Within the listing below, determine how many lines hold the word "Artem". Give the number with no commentary.

» **Dataset section**

Start of Block

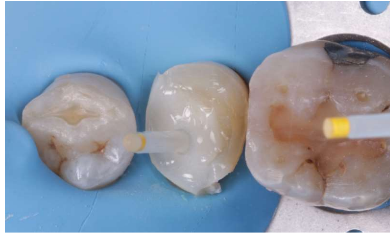
Cervical margin elevation and fiberglass post cementation
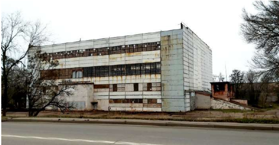
Figure 4. External view of the underground mine “Artem-2”.

“Artem-2” is unique, even within Kryvyi Rih because ore was transported on the daylight surface not by the traditional vertical skip mechanism, but by two belt conveyors installed in inclined (not vertical) shafts (figure 5). In addition to them, the deposit named after Kirov was also opened by a number of vertical shafts.

End of Block

» **The completed task**
2